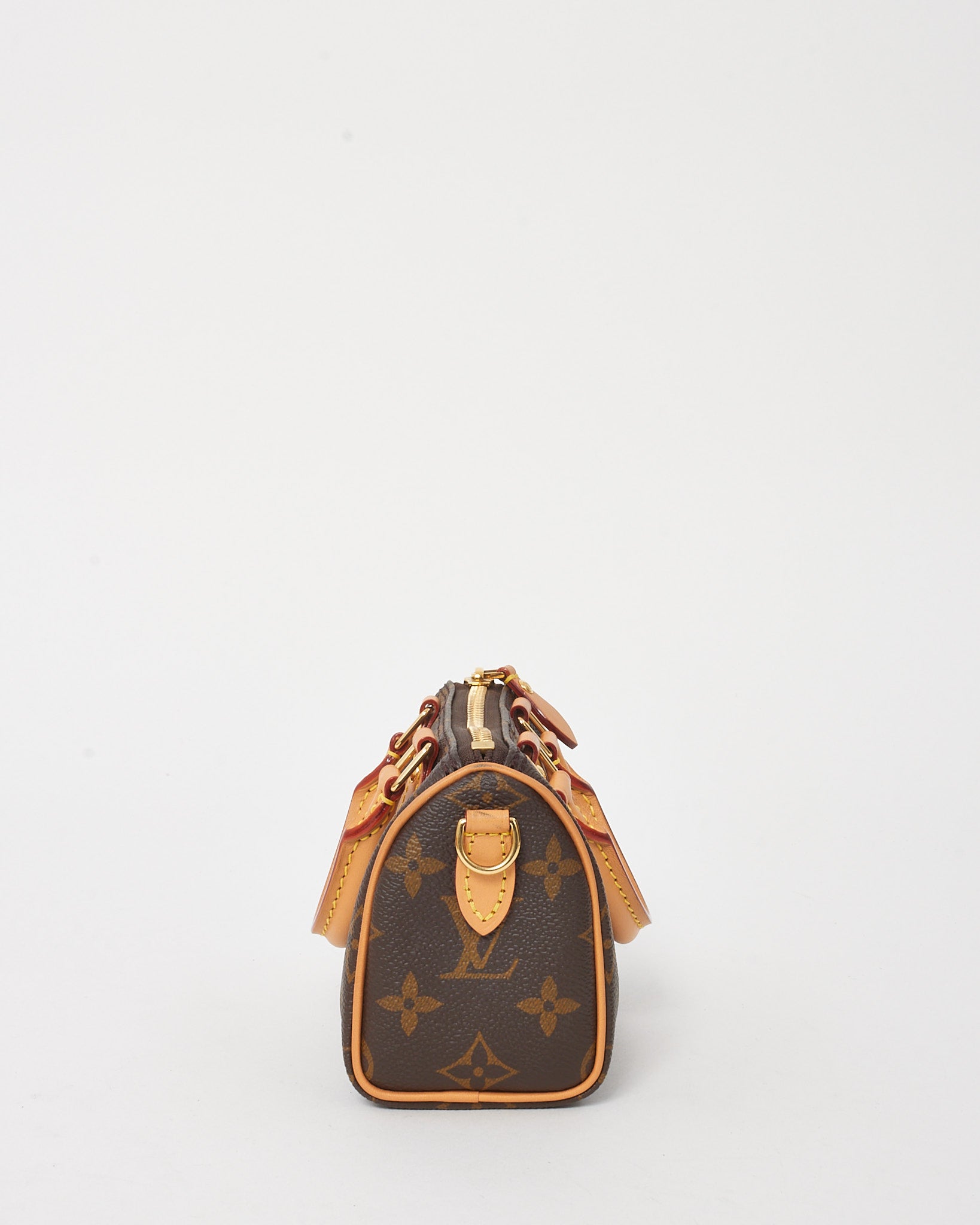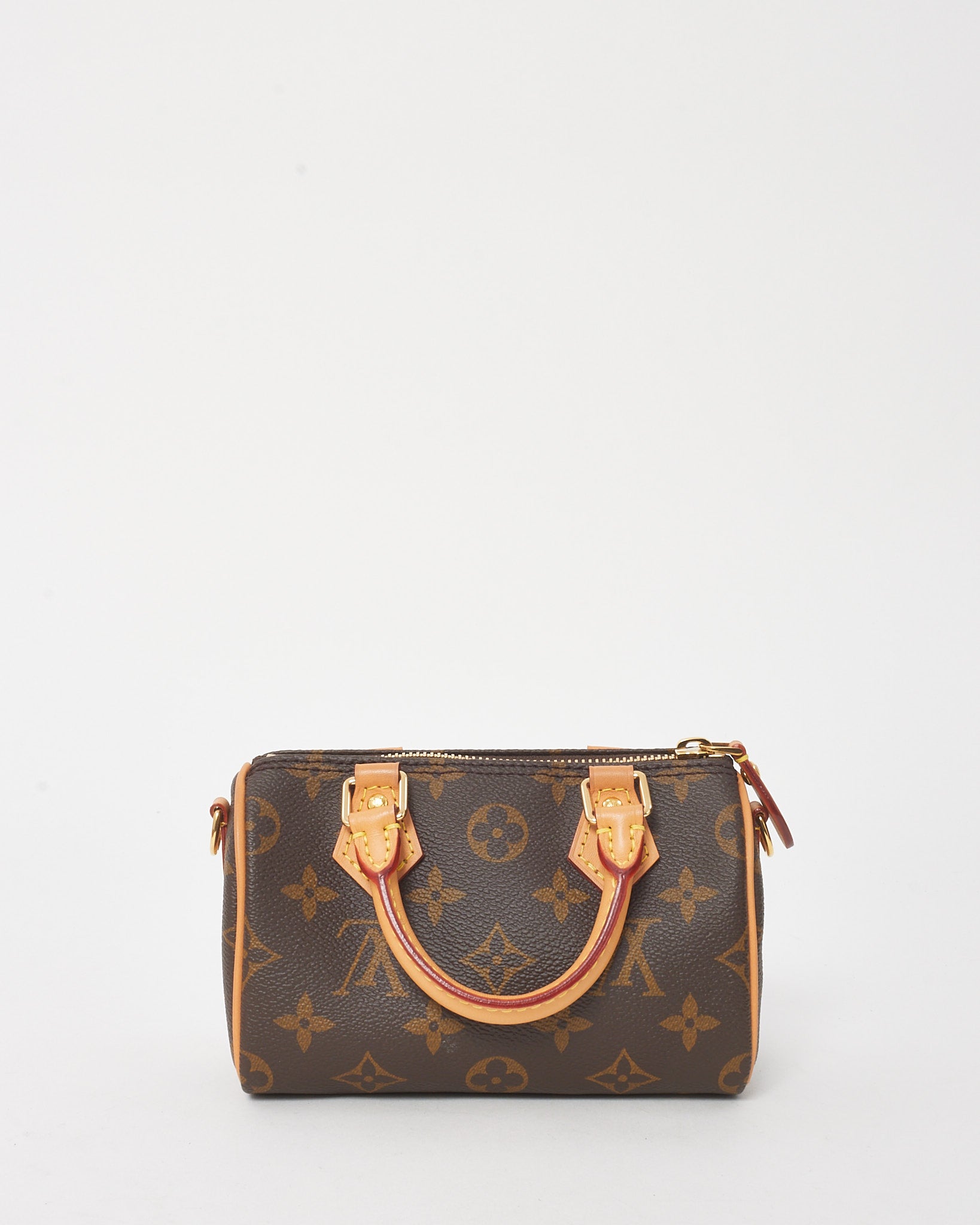 A timeless statement of elegance, this pre-loved authentic Louis Vuitton Monogram Canvas Nano Speedy Bandoulière is a miniature icon crafted from the house’s signature monogram canvas. Designed with structured top handles and a removable, adjustable crossbody strap, it offers versatile styling for day-to-night wear. Compact yet functional, the Nano Speedy perfectly combines heritage craftsmanship with modern practicality, making it an essential addition to any luxury collection.
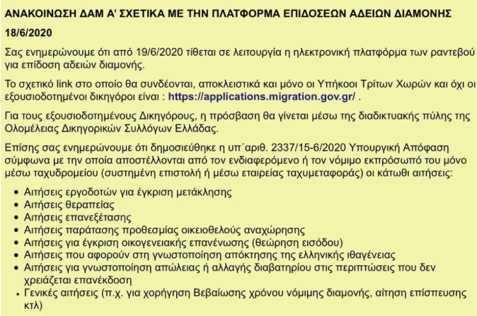根据移民与庇护部的决定,移民局将于6月19日(星期五)启动网上预约发放居留许可程序。第三国公民可以自行登入居留许可申请进度查询网站:http://pf.emigrants.ypes.gr
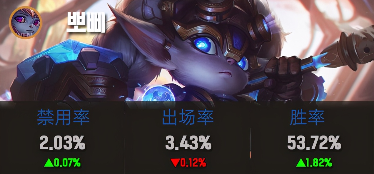 波比在这次的补丁中没有任何的调整,但胜率方面则是提高了很多,来到了53.72%,不过,她的出场率中只有3.43%,并不是一个非常热门的英雄。波比可以对抗德莱厄斯以外的其他热门上单英雄,因此,她在目前的版本中有不错的表现,预计波比在后续会有崛起的机会。
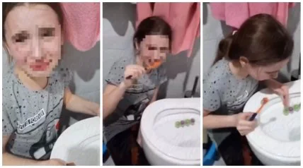 Сеть облетело видео, на котором девочка в слезах сидит над унитазом с зубной щеткой в руках и чистит ею зубы. В это время ее мать требует, чтобы дочь произносила нецензурные слова, написанные ею в интернете и после каждого из них еще раз чистили зубы водой из туалета.
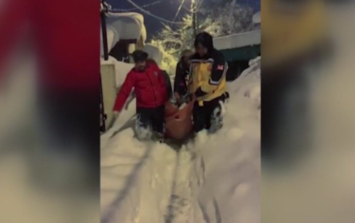 Kar kalınlığının yaklaşık 80 santimetreye ulaştığı mahalleye sevk edilen sağlık ekipleri, güçlükle hastanın bulunduğu adrese erişebildi.
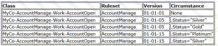 You update the application and increment the AccountManage ruleset version to 01-02-01. As part of this update, the circumstance .Status="Silver" is no longer needed by the application.
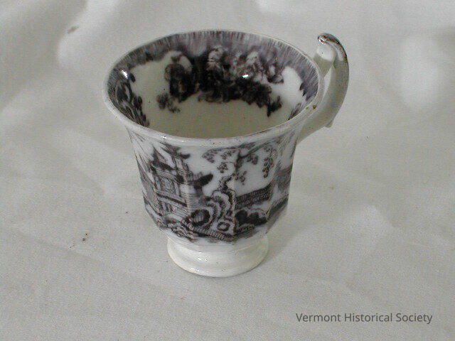 Transfer-printed teacup with handle and base. The design is printed in black and features pagoda-style buildings and trees. The print is smudged and running.
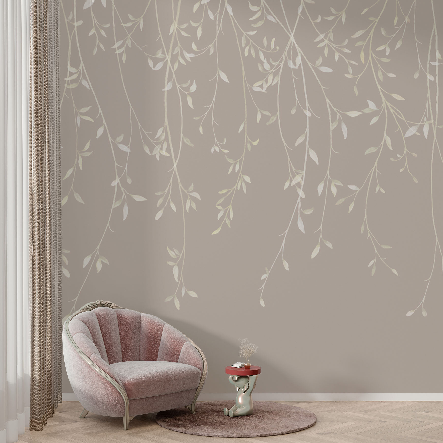 “Delicate bladeren in neutrale tinten” is als het zachte gefluister van de natuur voor je muren. Stel je voor dat je een sereen bos binnenstapt, het soort waar het zonlicht doorheen schijnt en zachte schaduwen werpt. Deze muurschilderingen brengen precies dat gefluister naar je ruimte, rustgevend en aardend. Perfect voor luie zondagen of gewoon een beetje rust in de chaos. Het is net alsof je je eigen stukje rust hebt – water geven is niet nodig! Je kamer wordt meteen een vredige ontsnapping, met een vleugje elegantie dat nooit te luid is, maar precies goed.
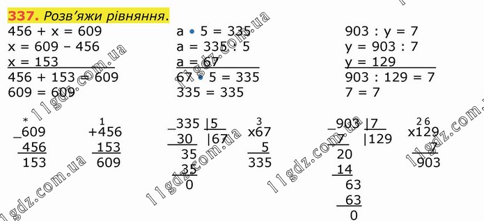 Розв’яжи рівняння. 456 + х = 609 х = 609 – 456 х = 153_______ 456 + 153 = 609 609 = 609 а • 5 = 335 а = 335 : 5 а = 67_____ 67 • 5 = 335 335 = 335 903 : y = 7 у = 903 : 7 у = 129_____ 903 : 129 = 7 7 = 7
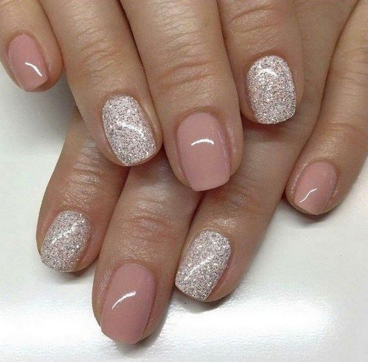 Блестящий маникюр на короткие ногти
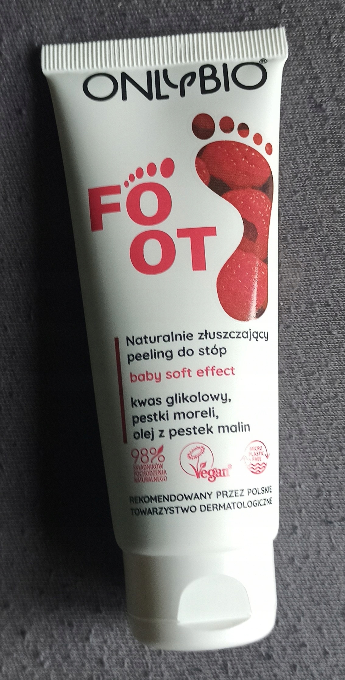 Wegańska formuła peelingu do stóp OnlyBio zawiera 98% składników pochodzenia naturalnego, dzięki którym uzyskasz baby skin effect. Przyjemna w dotyku i miękka niemal jak u dziecka skóra to rezultat, którym będziesz cieszyć się przez długi czas. Stosuj regularnie, aby czerpać radość z odżywionych i wypielęgnowanych stóp!
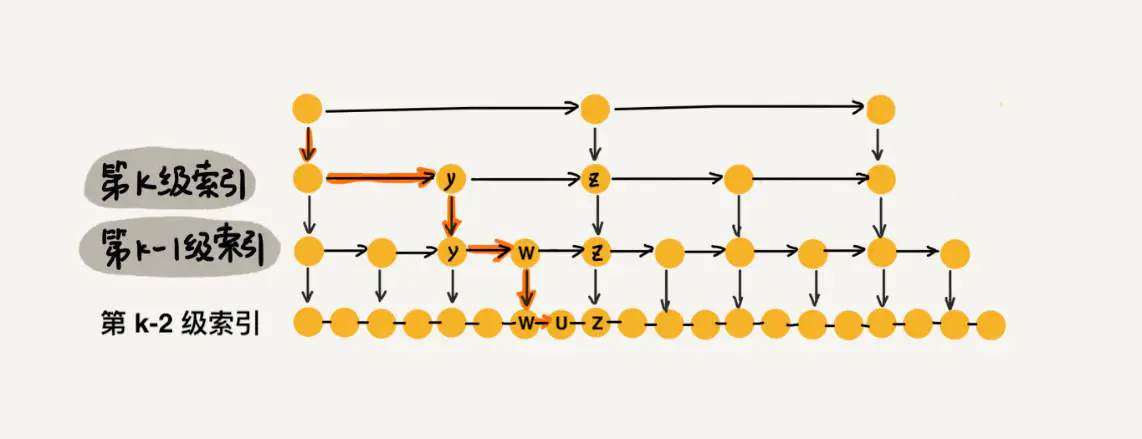 图中所示,现在到达第 k 级索引,我们发现要查找的元素 x 比 y 大比 z 小,所以,我们需要从 y 处下降到 k-1 级索引继续查找,k-1级索引中比 y 大比 z 小的只有一个 w,所以在 k-1 级索引中,我们遍历的元素最多就是 y、w、z,发现 x 比 w大比 z 小之后,再下降到 k-2 级索引。所以,k-2 级索引最多遍历的元素为 w、u、z。其实每级索引都是类似的道理,每级索引中都是两个结点抽出一个结点作为上一级索引的结点。 现在我们得出结论:当每级索引都是两个结点抽出一个结点作为上一级索引的结点时,每一层最多遍历3个结点。
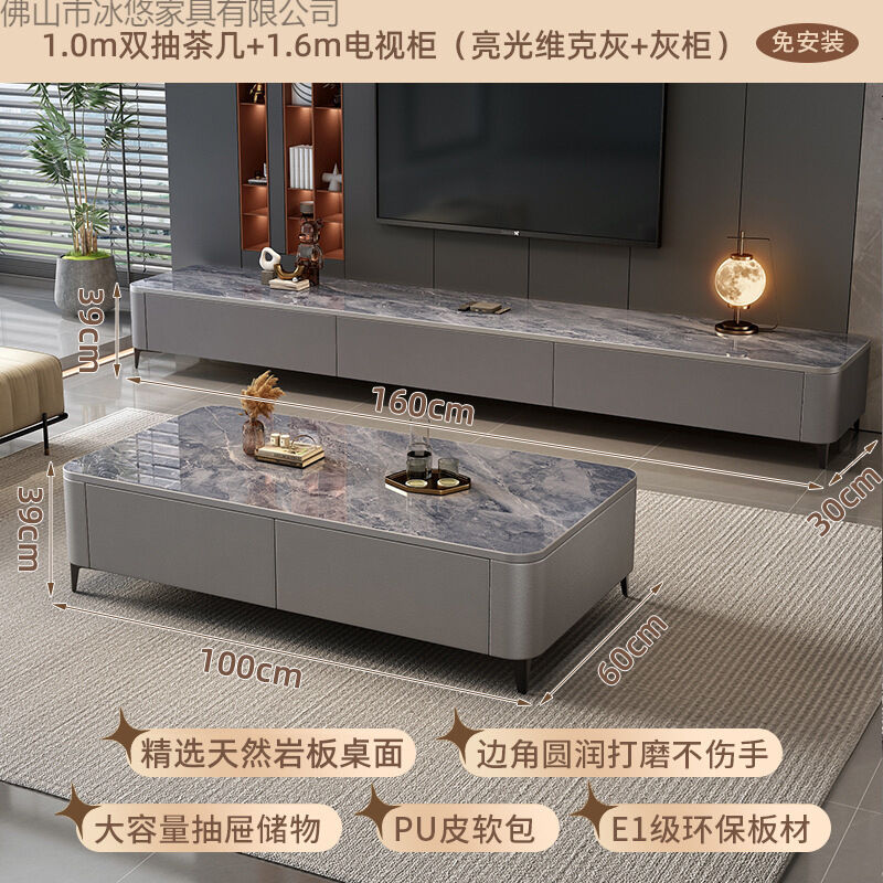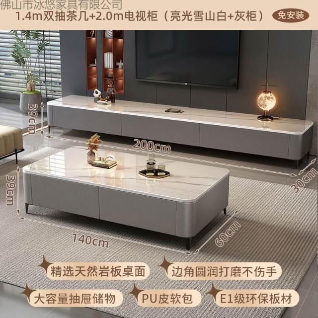 優選傢俱 免運費 巖板茶幾客廳家用2025新款小戶型輕奢現代簡約落地電視櫃組合

·····

WHAT YOU ARE ASKED TO DO: Copy out the whole listing exactly, and don't carry over any pictures.

YOUR RESPONSE:
 A timeless statement of elegance, this pre-loved authentic Louis Vuitton Monogram Canvas Nano Speedy Bandoulière is a miniature icon crafted from the house’s signature monogram canvas. Designed with structured top handles and a removable, adjustable crossbody strap, it offers versatile styling for day-to-night wear. Compact yet functional, the Nano Speedy perfectly combines heritage craftsmanship with modern practicality, making it an essential addition to any luxury collection.
根据移民与庇护部的决定,移民局将于6月19日(星期五)启动网上预约发放居留许可程序。第三国公民可以自行登入居留许可申请进度查询网站:http://pf.emigrants.ypes.gr
 波比在这次的补丁中没有任何的调整,但胜率方面则是提高了很多,来到了53.72%,不过,她的出场率中只有3.43%,并不是一个非常热门的英雄。波比可以对抗德莱厄斯以外的其他热门上单英雄,因此,她在目前的版本中有不错的表现,预计波比在后续会有崛起的机会。
 Сеть облетело видео, на котором девочка в слезах сидит над унитазом с зубной щеткой в руках и чистит ею зубы. В это время ее мать требует, чтобы дочь произносила нецензурные слова, написанные ею в интернете и после каждого из них еще раз чистили зубы водой из туалета.
 Kar kalınlığının yaklaşık 80 santimetreye ulaştığı mahalleye sevk edilen sağlık ekipleri, güçlükle hastanın bulunduğu adrese erişebildi.
 You update the application and increment the AccountManage ruleset version to 01-02-01. As part of this update, the circumstance .Status="Silver" is no longer needed by the application.
 Transfer-printed teacup with handle and base. The design is printed in black and features pagoda-style buildings and trees. The print is smudged and running.
 “Delicate bladeren in neutrale tinten” is als het zachte gefluister van de natuur voor je muren. Stel je voor dat je een sereen bos binnenstapt, het soort waar het zonlicht doorheen schijnt en zachte schaduwen werpt. Deze muurschilderingen brengen precies dat gefluister naar je ruimte, rustgevend en aardend. Perfect voor luie zondagen of gewoon een beetje rust in de chaos. Het is net alsof je je eigen stukje rust hebt – water geven is niet nodig! Je kamer wordt meteen een vredige ontsnapping, met een vleugje elegantie dat nooit te luid is, maar precies goed.
 Розв’яжи рівняння. 456 + х = 609 х = 609 – 456 х = 153_______ 456 + 153 = 609 609 = 609 а • 5 = 335 а = 335 : 5 а = 67_____ 67 • 5 = 335 335 = 335 903 : y = 7 у = 903 : 7 у = 129_____ 903 : 129 = 7 7 = 7
 Блестящий маникюр на короткие ногти
 Wegańska formuła peelingu do stóp OnlyBio zawiera 98% składników pochodzenia naturalnego, dzięki którym uzyskasz baby skin effect. Przyjemna w dotyku i miękka niemal jak u dziecka skóra to rezultat, którym będziesz cieszyć się przez długi czas. Stosuj regularnie, aby czerpać radość z odżywionych i wypielęgnowanych stóp!
 图中所示,现在到达第 k 级索引,我们发现要查找的元素 x 比 y 大比 z 小,所以,我们需要从 y 处下降到 k-1 级索引继续查找,k-1级索引中比 y 大比 z 小的只有一个 w,所以在 k-1 级索引中,我们遍历的元素最多就是 y、w、z,发现 x 比 w大比 z 小之后,再下降到 k-2 级索引。所以,k-2 级索引最多遍历的元素为 w、u、z。其实每级索引都是类似的道理,每级索引中都是两个结点抽出一个结点作为上一级索引的结点。 现在我们得出结论:当每级索引都是两个结点抽出一个结点作为上一级索引的结点时,每一层最多遍历3个结点。
 優選傢俱 免運費 巖板茶幾客廳家用2025新款小戶型輕奢現代簡約落地電視櫃組合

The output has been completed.